*DESCRIPTION OF THE TASK*. In the entries below, find the line with "トレンド 秋冬 M/L/XL" and the line with "첫째 줄에 N(1 ≤"; copy them and every line between them exactly, but not the pictures.

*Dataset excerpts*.
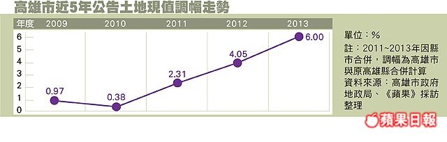 公告現值與公告地價是課徵土地增值稅與地價稅的基準,高雄市今年分別調漲6%與9.47%。
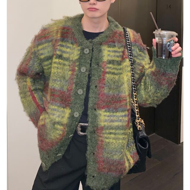 【予約販売】カーディガン ニット チェック柄 ゆったり セーター グリーン ブルー オーバーサイズ メンズ シンプル こなれ感 ストリート お洒落 韓国 トレンド 秋冬 M/L/XL
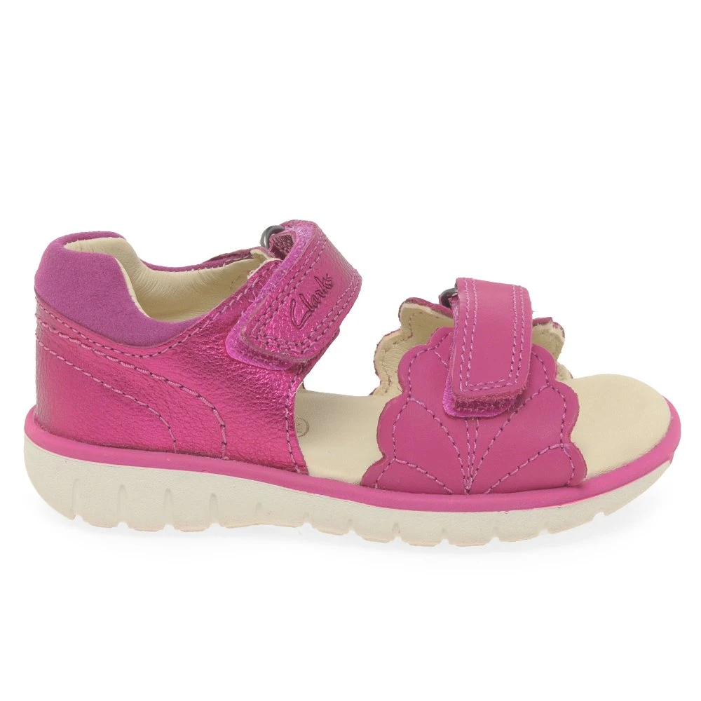 The Clarks Roam Wing T girls sandals are ideal for adventures on the beach. Featuring breathable leather uppers and linings, little feet can be secured with two adjustable rip tape fastenings for an easy on/off fit.Â
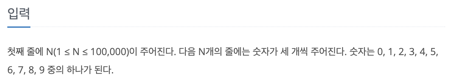 첫째 줄에 N(1 ≤ N ≤ 100,000)이 주어진다. 다음 N개의 줄에는 숫자가 세 개씩 주어진다. 숫자는 0, 1, 2, 3, 4, 5, 6, 7, 8, 9 중의 하나가 된다.
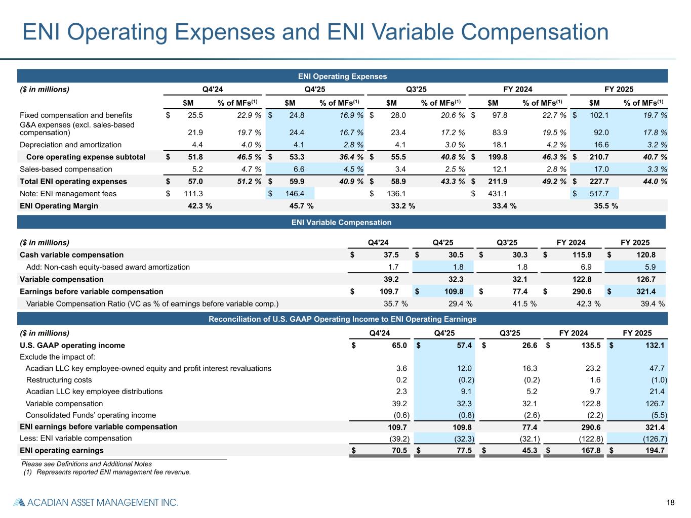 17 U.S. GAAP Statement of Operations ($ in millions, unless otherwise noted) Q4'24 Q4'25 Increase (Decrease) Q3'25 FY 2024 FY 2025 Management fees $ 111.3 $ 146.4 31.5 % $ 136.1 $ 431.1 $ 517.7 Performance fees 55.4 23.3 (57.9) % 0.2 71.4 31.4 Consolidated Funds’ revenue 1.1 2.5 n/m 7.9 3.1 14.6 Total revenue 167.8 172.2 2.6 % 144.2 505.6 563.7 Compensation and benefits 75.6 84.6 11.9 % 84.7 265.5 313.9 General and administrative 22.3 24.4 9.4 % 23.5 85.2 92.0 Depreciation and amortization 4.4 4.1 (6.8) % 4.1 18.5 16.6 Consolidated Funds’ expense 0.5 1.7 n/m 5.3 0.9 9.1 Total operating expenses 102.8 114.8 11.7 % 117.6 370.1 431.6 Operating income 65.0 57.4 (11.7) % 26.6 135.5 132.1 Investment income (loss) (0.3) (0.2) n/m — 2.2 (0.1) Interest income 0.7 0.9 28.6 % 0.9 3.5 3.7 Interest expense (4.4) (7.0) 59.1 % (4.6) (19.4) (21.7) Loss on extinguishment of debt — (1.4) n/m — — (1.4) Net consolidated Funds’ investment gains (2.6) 3.4 n/m 11.5 3.9 30.6 Income before income taxes 58.4 53.1 (9.1) % 34.4 125.7 143.2 Income tax expense 17.8 16.4 (7.9) % 7.4 38.9 36.6 Net income 40.6 36.7 (9.6) % 27.0 86.8 106.6 Net income attributable to non-controlling interests (1.9) 2.0 n/m 11.9 1.8 26.6 Net income attributable to controlling interests $ 42.5 $ 34.7 (18.4) % $ 15.1 $ 85.0 $ 80.0 Earnings per share, basic, $ $ 1.14 $ 0.97 (14.9) % $ 0.42 $ 2.25 $ 2.21 Earnings per share, diluted, $ $ 1.13 $ 0.97 (14.2) % $ 0.42 $ 2.22 $ 2.21 Average basic shares outstanding (in millions) 37.4 35.7 35.8 37.8 36.2 Average diluted shares outstanding (in millions) 37.6 35.8 35.8 38.3 36.2 U.S. GAAP operating margin 39 % 33 % (540) bps 18 % 27 % 23 % Pre-tax income attributable to controlling interests $ 60.3 $ 51.1 (15.3) % $ 22.5 $ 123.9 $ 116.6 Net income attributable to controlling interests $ 42.5 $ 34.7 (18.4) % $ 15.1 $ 85.0 $ 80.0 Q4'25 vs. Q4'24 ▪ Total revenue increased 2.6% from Q4'24 driven by higher management fees reflecting an increase in average AUM in Q4'25 compared to Q4'24 ▪ Operating expenses increased 11.7% from Q4'24 driven by an increase in compensation and benefits expense primarily due to an increase in the value of the equity plan liability and an increase in Acadian LLC key employee distributions in Q4'25 compared to Q4'24 ▪ Income tax expense decreased (7.9)% from Q4'24 as a result of a decrease in pre-tax income attributable to controlling interests ▪ U.S. GAAP net income attributable to controlling interests decreased (18.4)% from Q4'24 primarily due to the increase in operating expenses ▪ Diluted earnings per share decreased (14.2)% from Q4'24 due to lower net income attributable to controlling interests in Q4'25, partially offset by lower diluted shares outstanding ___________________________________________________________ Please see Definitions and Additional Notes

*EXERCISE SOLUTION*.
 【予約販売】カーディガン ニット チェック柄 ゆったり セーター グリーン ブルー オーバーサイズ メンズ シンプル こなれ感 ストリート お洒落 韓国 トレンド 秋冬 M/L/XL
 The Clarks Roam Wing T girls sandals are ideal for adventures on the beach. Featuring breathable leather uppers and linings, little feet can be secured with two adjustable rip tape fastenings for an easy on/off fit.Â
 첫째 줄에 N(1 ≤ N ≤ 100,000)이 주어진다. 다음 N개의 줄에는 숫자가 세 개씩 주어진다. 숫자는 0, 1, 2, 3, 4, 5, 6, 7, 8, 9 중의 하나가 된다.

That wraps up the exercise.